# First Allied ace of ww2



## kiwimac (Mar 6, 2004)

Flying Officer Edgar James, 'Cobber', Kain









> Cobber' Kain was born in Hastings on 27 June 1918. Following school, he worked as a clerk in his father's warehousing business in Wellington.
> 
> In 1936 he obtained his private pilot's licence with the Wellington Aero Club before leaving New Zealand in November for London to join the RAF. Kain began his flying training in January 1937 and in late November was posted to 73 Squadron. Re-equipped with Hurricanes in 1938, the squadron was fully operational by March 1939 and on 24 August was ordered to mobilise for war.
> 
> ...








Kiwimac


----------



## nutter (Mar 7, 2004)

thanx mate a very good read


----------



## aussie jim (Mar 10, 2004)

Cobber Cain and his Hurricane ..what a legend


----------



## Hot Space (Mar 12, 2004)

Another good read here 8) 

But I wonder how many Kills he would of got if he didn't die  

Hot Space


----------



## cihset (Sep 1, 2004)

Enlighten me, but wouldn't Stanislav Skalski be the first allied ace since he downed more than five planes in the battle of Poland?
(he also later flew for RAF)


----------



## the lancaster kicks ass (Sep 5, 2004)

post his story and we'll see, unfortunatly i know very little about aces................


----------



## cihset (May 2, 2005)

"In September 1939, Skalski reached "ace status", by personally downing 6 German aircraft (1 Ju 86, 2 Do 17, 1 Ju 87, 2 Hs 126), plus 1 Hs 126 shared with another pilot. Furthermore, he damaged another three planes (1 Bf 109, 1 Hs 126, 1 Ju 87). Skalski flew his last sortie with his P-11c on 16 September.
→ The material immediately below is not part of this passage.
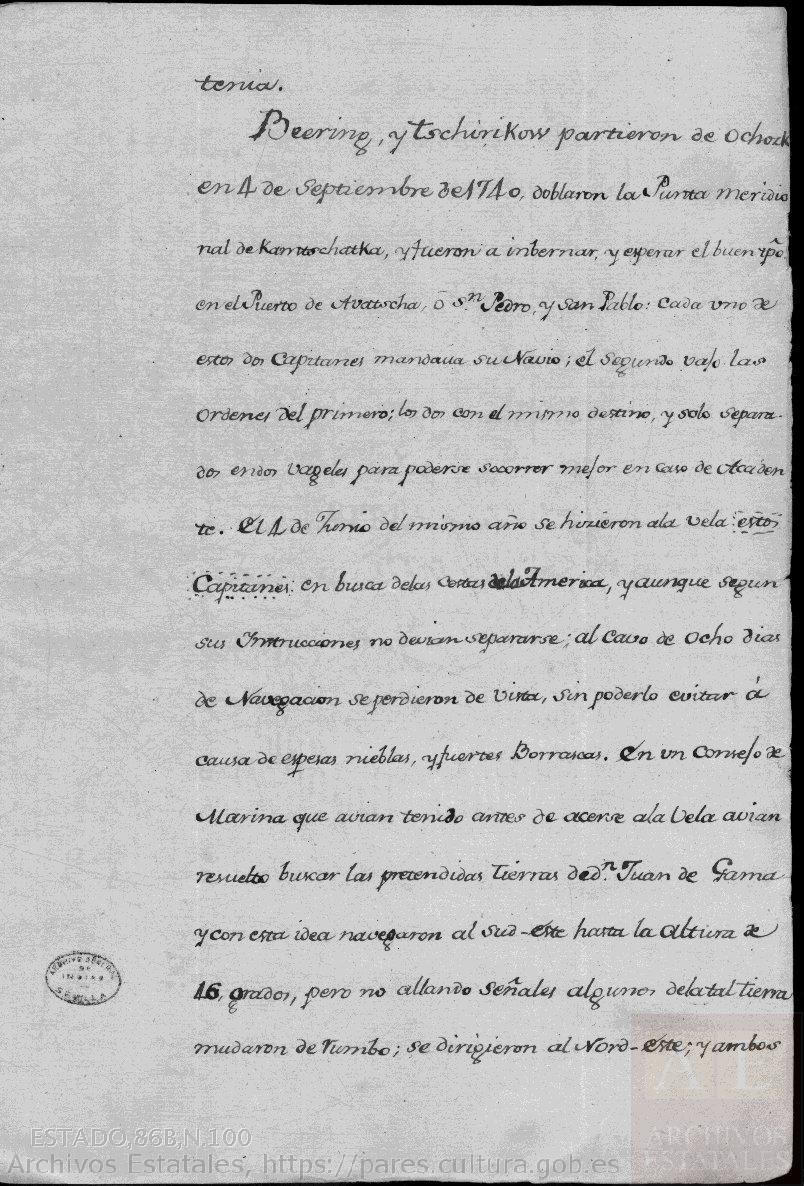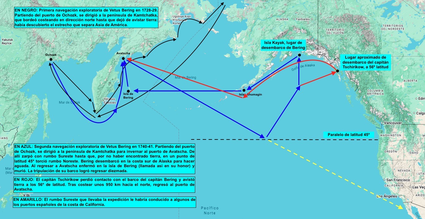 Beering y Tschirikow partieron de Ochozk en 4 de Septiembre de 1740, doblaron la Punta meridional de Kamtschatka, y fueron a inbernar y esperar el buen tiempo en el Puerto de Avatscha, o San Pedro y San Pablo: cada uno de estos dos Capitanes mandava su Navío; el segundo vajo las órdenes del primero; los dos con el mismo destino, y solo separados en dos vageles para poderse socorrer mejor en caso de Accidente. El 4 de Junio del mismo año se hicieron a la vela estos Capitanes en busca de las Costas de la América, y aunque según sus Ynstrucciones no devían separase, al cavo de ocho días de Navegación se perdieron de vista, sin poderlo evitar a causa de espesas nieblas y fuertes Borrascas. En un Consejo de Marina que avían tenido antes de acerse a la Vela avían resuelto buscar las pretendidas Tierras de Don Juan de Gama y con esta idea navegaron al sud-este hasta la altura de 46 grados, pero no allando señales algunos de la tal tierra mudaron de rumbo; se dirigieron al Nord-este; y ambos llegaron a las Costas de la América, pero en diferentes alturas, y sin que el uno tubiese más noticia del otro.

The next day he fled the country, as did several other Polish pilots, to Rumania, and from there to fight in France and England. "

http://www.elknet.pl/acestory/skalski/skalski.htm


----------



## P-Popsie (Oct 29, 2008)

Outstanding gentelmen { and or Ladies off course } The NZ pilot i had heard of only marginally and the polish pilot i had never heard of. More unsung hero's from the counless ranks of unsung hero's.


----------